Shares on the New York Stock Exchange and, if the application is approved, expects trading to commence within 30 days following initial issuance
Option to Purchase Additional Shares: None
Trade Date: June 24, 2021
Settlement Date*: July 1, 2021 (T+5)

Expected Ratings

(Moody’s / S&P / Fitch): Ba1 (stable) / BBB- (stable) / BB+ (stable)
Note: A securities rating is not a recommendation to buy, sell or hold securities and may be subject to revision or withdrawal at any time
Joint Book-Running Managers: BofA Securities, Inc.
  Morgan Stanley & Co. LLC
  RBC Capital Markets, LLC
  Wells Fargo Securities, LLC
Co-Managers: Fifth Third Securities, Inc.
  KeyBanc Capital Markets Inc.
  SMBC Nikko Securities America, Inc.
  Cabrera Capital Markets, LLC
CUSIP / ISIN: 125896 837 / US1258968379

 

* It is expected that delivery of the Depositary Shares will be made on or about July 1, 2021, which will be the fifth business day (T+5) following the date hereof.
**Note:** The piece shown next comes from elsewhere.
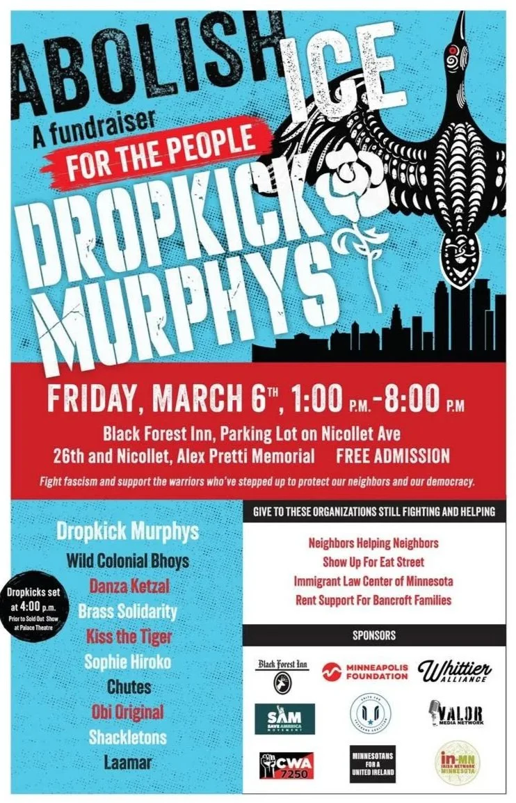 Abolish ICE: A Fundraiser for the People Friday, Mar. 6 •1 – 8 PM • free Alex Pretti Memorial (26th St E & Nicollet Ave)
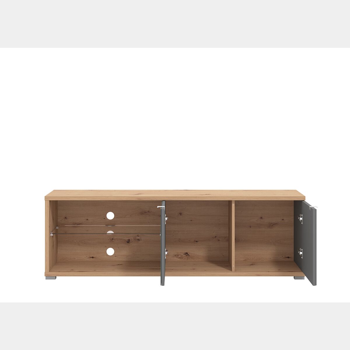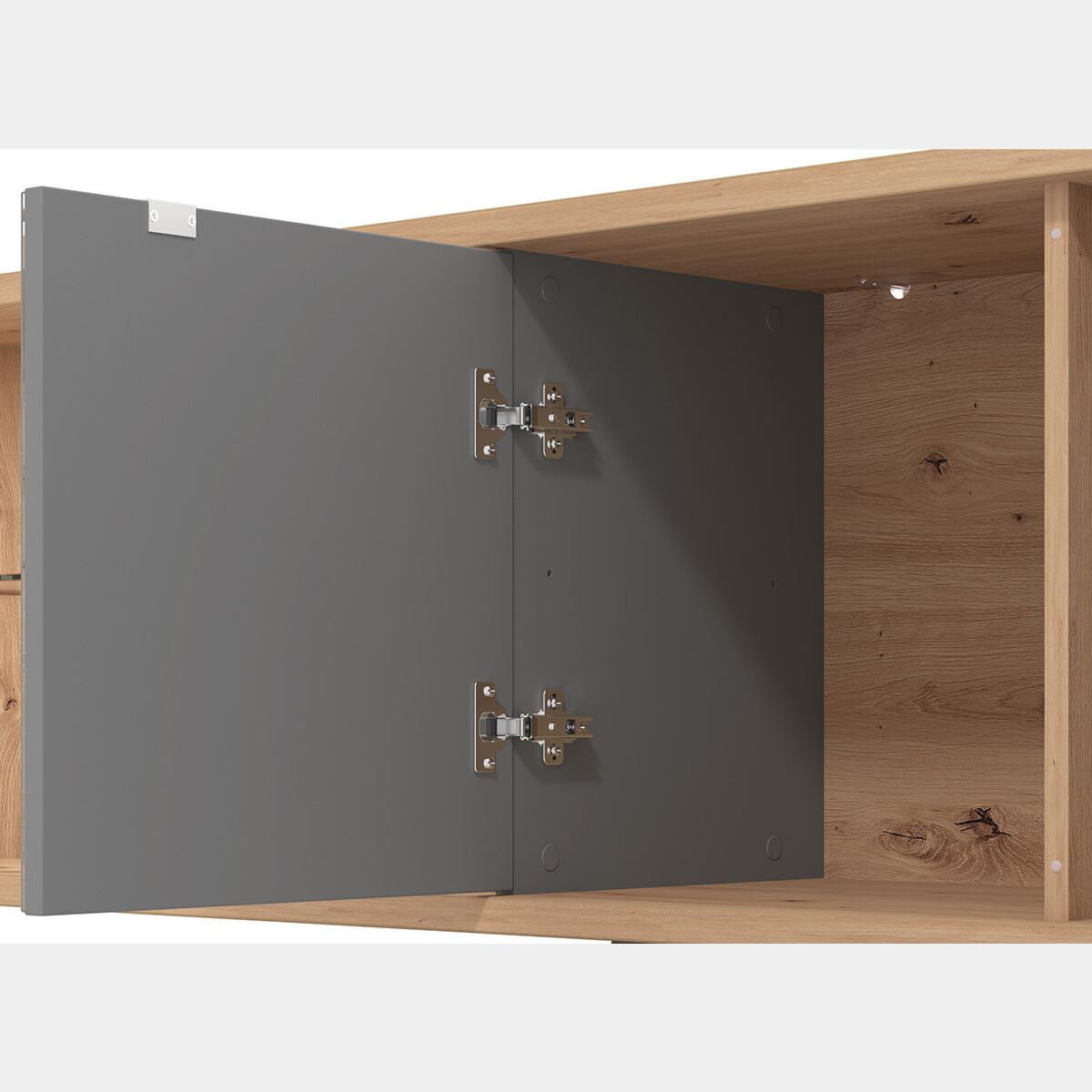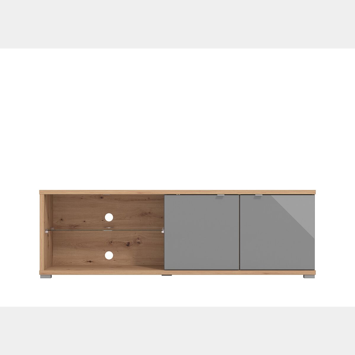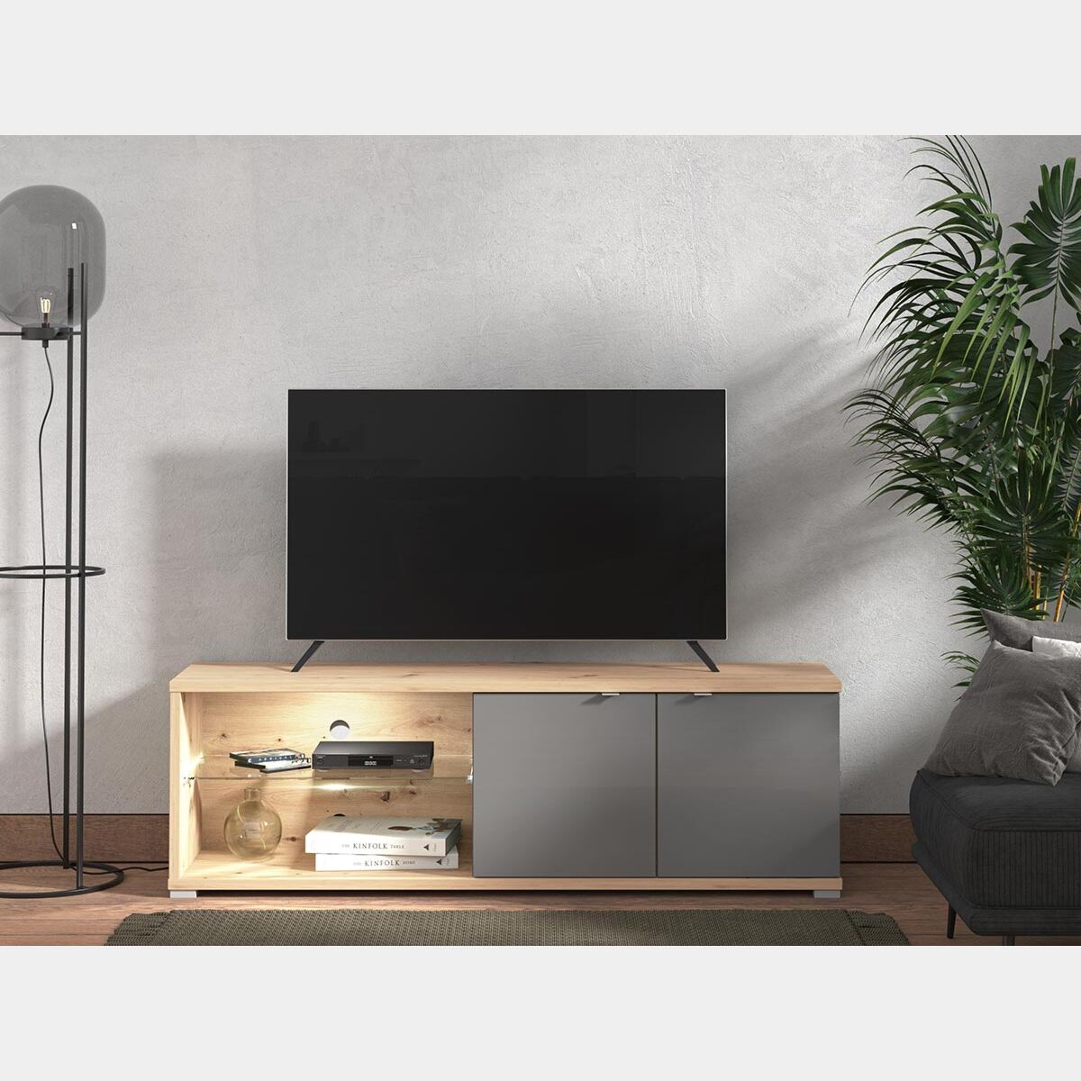 Mobile tv 2 ante e ripiano vetro, finitura Grigio grafite e Rovere

Under Rule 15c6-1 under the Securities Exchange Act of 1934, trades in the secondary market generally are required to settle in two business days (T+2), unless the parties to any such trade expressly agree otherwise. Accordingly, the purchasers who wish to trade the Depositary Shares prior to the second business day prior to settlement will be required to specify an alternate settlement cycle at the time of any such trade to prevent a failed settlement and should consult their own advisors.

 

Issuer has filed a registration statement (including a prospectus, as supplemented) with the Securities and Exchange Commission (“SEC”) for the offering to which this communication relates. Before you invest, you should read the prospectus (as supplemented) in that registration statement and other documents Issuer has filed with the SEC for more complete information about Issuer and the offering. You may get these documents for free by visiting EDGAR on the SEC website at www.sec.gov. Alternatively, Issuer, any underwriter or any dealer participating in the offering will arrange to send you the prospectus if you request it by calling BofA Securities, Inc. toll-free at 800-294-1322 or by email at dg.prospectus_requests@bofa.com, Morgan Stanley & Co. LLC toll-free at 866-718-1649, RBC Capital Markets, LLC toll-free at 866-375-6829 or Wells Fargo Securities, LLC toll-free at 800-645-3751.

 

Any disclaimers or other notices that may appear below are not applicable to this communication and should be disregarded. Such disclaimers were automatically generated as a result of this communication being sent via email or another communication system.